On Tuesday, Mt. Gox, the Japan-based Bitcoin exchange announced that around 850,000 Bitcoins had disappeared from their exchange servers. All told, 750,000 privately owned Bitcons are gone, along with around 100,000 Bitcoins Mt. Gox owned. There are only 11 million Bitcoins in circulation. For those of you keeping track at home, this means that roughly 7.7% of the total Bitcoins in the world are now missing. Mt. Gox’s announcement confirmed the growing fears of many over the last few weeks that the exchange was suffering problems. Mt Gox suspended withdrawals earlier in February, and shutdown the entire exchange after announcing the theft.
It is unclear whether the missing coins were stolen or merely deleted by a technical glitch. In either event, Mt. Gox subsequently filed for bankruptcy protection, claiming more than $65 million in debts, which now far exceed its assets. While Mt. Gox was the largest Bitcoin exchange, it was not the only exchange. These exchanges have rushed to portray the collapse of Mt. Gox as an isolated incident, and they continue to insist that Bitcoin is a strong and viable currency. Traders have not been as kind to the currency, however, as the price of Bitcoin rapidly retreated below the $400 per-coin mark and have keep dropping.
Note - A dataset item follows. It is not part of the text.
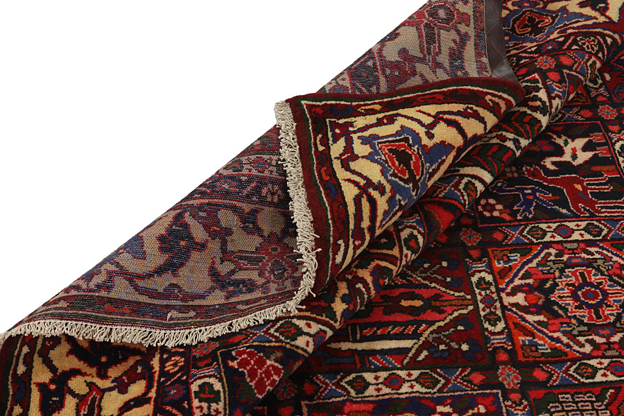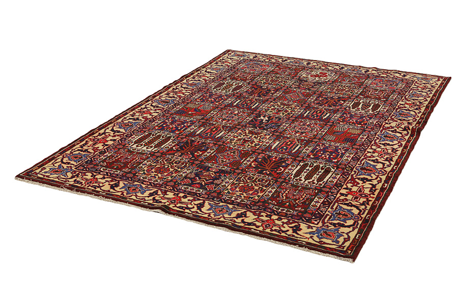 Bakhtiari Carpets : In the mountains Zagros, west of the city of Isfahan, around the town of Shahr-e-Kurd, live the nomads Bakhtiar. Their carpets are known for the design with various repeating squares in which flowers and animals are depicted. For this reason the design is called "garden"(Khesti). Their carpets are very durable with a dense weave and very good quality Persian wool coming from sheep grazing at a high altitude. The best Bakhtiar rugs and carpets with highest knot density are often called Bibibaff. Also in many designs we see influences from Isfahan carpets. (Boldaji - Feridan - Saman).

The news is not all bad for Bitcoin. The good news from this week, which prompted my initial desire to write about Bitcoin, was an announcement last Monday by Overstock.com. The large online only retailer just announced that they would begin accepting Bitcoin as a payment method. This likely would have lent legitimacy to the currency, however, the subsiquent events at Mt. Gox undoubtedly hurt Bitcoin more than Overstock.com helps.